REQUIREMENT: Send each entry back exactly as given, pictures excluded.

[Opening RECORDS FOR PROCESSING section]

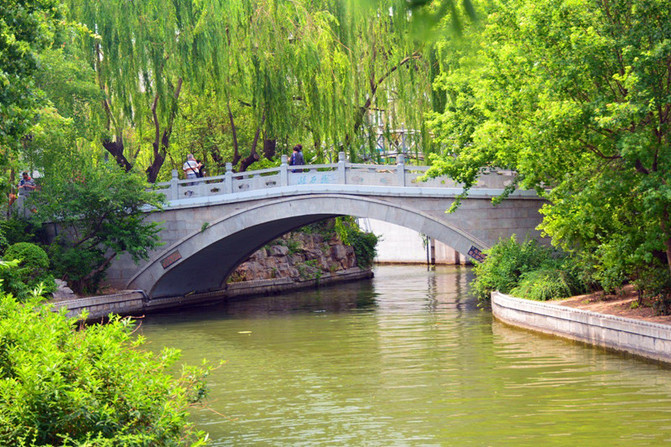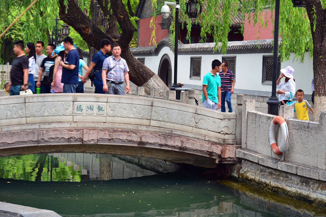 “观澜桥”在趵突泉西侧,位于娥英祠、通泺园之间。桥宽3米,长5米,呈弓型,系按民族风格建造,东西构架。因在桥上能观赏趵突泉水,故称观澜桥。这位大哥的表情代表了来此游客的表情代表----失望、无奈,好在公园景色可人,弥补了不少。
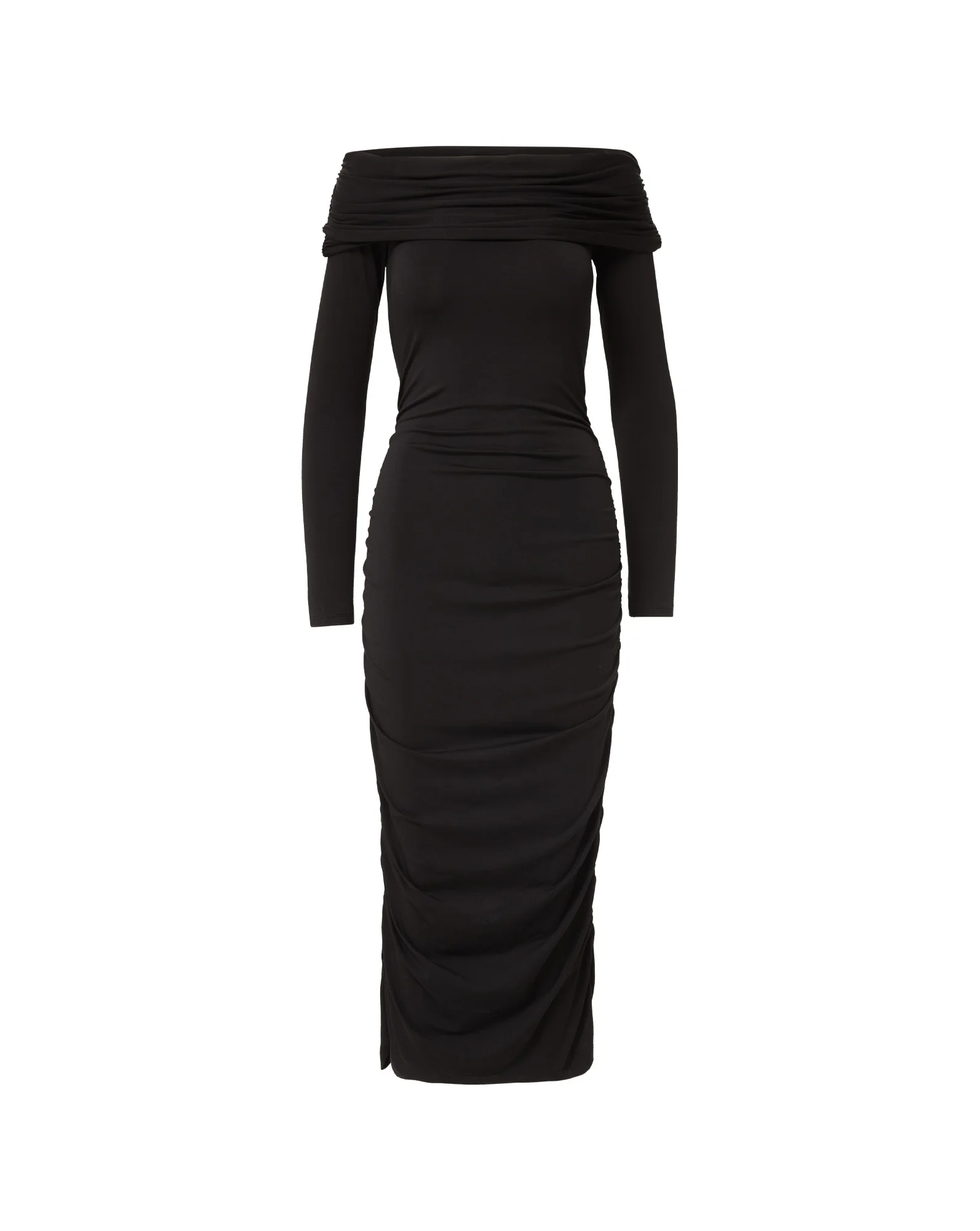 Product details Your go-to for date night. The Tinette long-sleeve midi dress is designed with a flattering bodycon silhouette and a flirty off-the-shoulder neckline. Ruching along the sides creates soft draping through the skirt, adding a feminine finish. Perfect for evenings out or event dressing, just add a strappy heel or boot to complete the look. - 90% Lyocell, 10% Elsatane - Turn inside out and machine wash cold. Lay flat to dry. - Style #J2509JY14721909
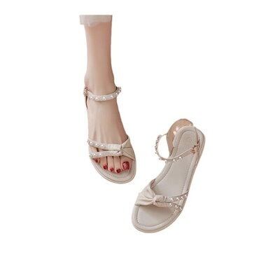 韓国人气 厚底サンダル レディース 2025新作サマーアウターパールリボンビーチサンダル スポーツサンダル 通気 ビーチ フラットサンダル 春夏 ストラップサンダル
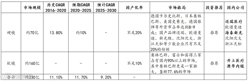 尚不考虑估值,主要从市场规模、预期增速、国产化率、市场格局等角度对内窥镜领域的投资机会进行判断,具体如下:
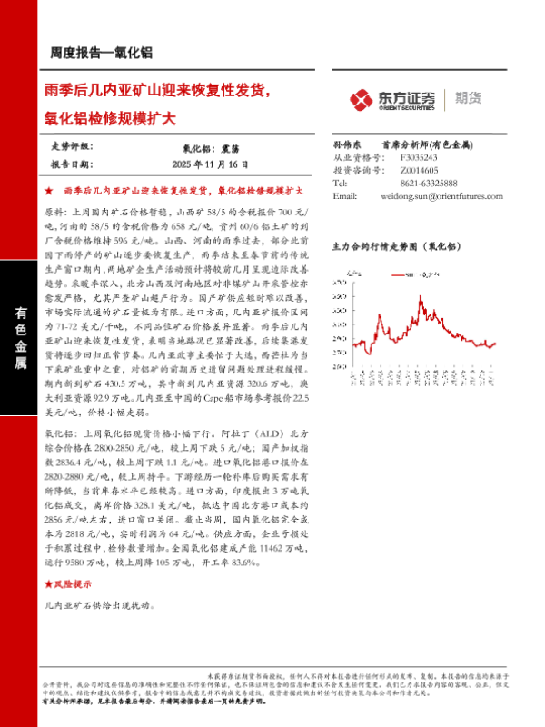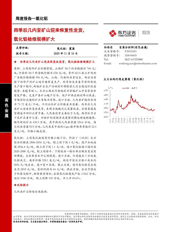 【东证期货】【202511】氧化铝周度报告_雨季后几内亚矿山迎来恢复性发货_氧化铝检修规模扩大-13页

[Closing RECORDS FOR PROCESSING section]

EXPECTED ANSWER:
 “观澜桥”在趵突泉西侧,位于娥英祠、通泺园之间。桥宽3米,长5米,呈弓型,系按民族风格建造,东西构架。因在桥上能观赏趵突泉水,故称观澜桥。这位大哥的表情代表了来此游客的表情代表----失望、无奈,好在公园景色可人,弥补了不少。
 Product details Your go-to for date night. The Tinette long-sleeve midi dress is designed with a flattering bodycon silhouette and a flirty off-the-shoulder neckline. Ruching along the sides creates soft draping through the skirt, adding a feminine finish. Perfect for evenings out or event dressing, just add a strappy heel or boot to complete the look. - 90% Lyocell, 10% Elsatane - Turn inside out and machine wash cold. Lay flat to dry. - Style #J2509JY14721909
 韓国人气 厚底サンダル レディース 2025新作サマーアウターパールリボンビーチサンダル スポーツサンダル 通気 ビーチ フラットサンダル 春夏 ストラップサンダル
 尚不考虑估值,主要从市场规模、预期增速、国产化率、市场格局等角度对内窥镜领域的投资机会进行判断,具体如下:
 【东证期货】【202511】氧化铝周度报告_雨季后几内亚矿山迎来恢复性发货_氧化铝检修规模扩大-13页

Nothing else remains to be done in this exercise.